If joining columns on columns, the DataFrame indexes will be ignored. Otherwise if joining indexes on indexes or indexes on a column or columns, the index will be passed on.
sample_df
clicks height score time
1 19 39 11 17
2 7 25 26 44
3 2 8 21 35
4 40 48 36 0
5 6 47 1 3
6 14 43 13 34
entries = { 1: dict(height=10, width=20), 2: dict(height=34, width=35), 3: dict(height=5, width=80), 4: dict(height=39, width=32) }
related_df = pd.DataFrame(entries)
related_df.T
height width
1 10 20
2 34 35
3 5 80
4 39 32
sample_df.merge(related_df.T)
clicks height score time width
0 19 39 11 17 32
sample_df.merge(related_df.T, how='left')
clicks height score time width
0 19 39 11 17 32.0
1 7 25 26 44 NaN
2 2 8 21 35 NaN
3 40 48 36 0 NaN
4 6 47 1 3 NaN
5 14 43 13 34 NaN
sample_df.merge(related_df.T, how='outer')

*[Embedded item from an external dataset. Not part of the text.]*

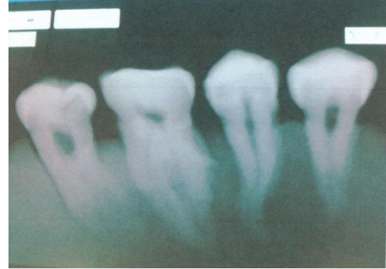
شکل ۱: رادیوگرافی بدون بزرگ‌نمایی

صورت بررسی شدند. در مرحله‌ی اول، رادیوگرافی‌های دیجیتال بر روی کامپیوتر و با نور معمولی مشاهده شدند و در مرحله‌ی بعد، تصاویر دیجیتال را با بزرگ‌نمایی مشاهده کردند (شکل ۱، ۲).

clicks height score time width
0 19.0 39 11.0 17.0 32.0
1 7.0 25 26.0 44.0 NaN
2 2.0 8 21.0 35.0 NaN
3 40.0 48 36.0 0.0 NaN
4 6.0 47 1.0 3.0 NaN
5 14.0 43 13.0 34.0 NaN
6 NaN 10 NaN NaN 20.0
7 NaN 34 NaN NaN 35.0
8 NaN 5 NaN NaN 80.0
Categoricals
import numpy as np
import pandas as pd
from io import StringIO
csv_data = """
Department,Name,YearsOfService,Grade\n0,Marketing,Able,4,a\n1,Engineering,Baker,7,b\n2,Accounting,Charlie,12,c\n3,Marketing,Delta,1,d\n4,Engineering,Echo,15,f\n5,Accounting,Foxtrot,9,a\n6,Marketing,Golf,3,b\n7,Engineering,Hotel,1,c\n8,Accounting,India,2,d\n9,Marketing,Juliet,5,f\n10,Engineering,Kilo,7,a\n11,Accounting,Lima,11,b\n12,Marketing,Mike,2,c\n13,Engineering,November,3,d\n14,Accounting,Oscar,4,f\n15,Marketing,Papa,9,a\n16,Engineering,Quebec,1,b\n17,Accounting,Romeo,1,c\n18,Marketing,Sierra,1,d\n19,Engineering,Tango,7,f\n20,Accounting,Uniform,5,a\n21,Marketing,Victor,19,b\n22,Engineering,Whiskey,2,c\n23,Accounting,Xray,3,d\n24,Marketing,Yankee,8,f\n25,Engineering,Zulu,17,a\n
"""
employees = pd.read_csv(StringIO(csv_data))
employees.head()
Department Name YearsOfService Grade
0 Marketing Able 4 a
1 Engineering Baker 7 b
2 Accounting Charlie 12 c
3 Marketing Delta 1 d
4 Engineering Echo 15 f
Convert String data to categorical data
employees.dtypes
Department object
Name object
YearsOfService int64
Grade object
dtype: object
employees['Department'] = employees['Department'].astype('category')
employees.dtypes
Department category
Name object
YearsOfService int64
Grade object
dtype: object
Rename categories
employees['Grade'] = employees['Grade'].astype('category') employees['Grade'].cat.categories = 'excellent good acceptable poor unacceptable'.split() employees.head()
Department Name YearsOfService Grade 0 Marketing Able 4 excellent 1 Engineering Baker 7 good 2 Accounting Charlie 12 acceptable 3 Marketing Delta 1 poor 4 Engineering Echo 15 unacceptable
Categories before and after renaming:
# Index(['a', 'b', 'c', 'd', 'f'], dtype='object') # Index(['excellent', 'good', 'acceptable', 'poor', 'unacceptable'], dtype='object')
Grouping
Cumulative length of service by employees in each department.
employees.groupby('Department').sum()
YearsOfService
Department
Accounting 47
Engineering 60
Marketing 52
Number of employees per grade.
employees.groupby('Grade').count()['Name']
Grade
excellent 6
good 5
acceptable 5
poor 5
unacceptable 5
Name: Name, dtype: int64
Number of employees, by department, obtaining each grade.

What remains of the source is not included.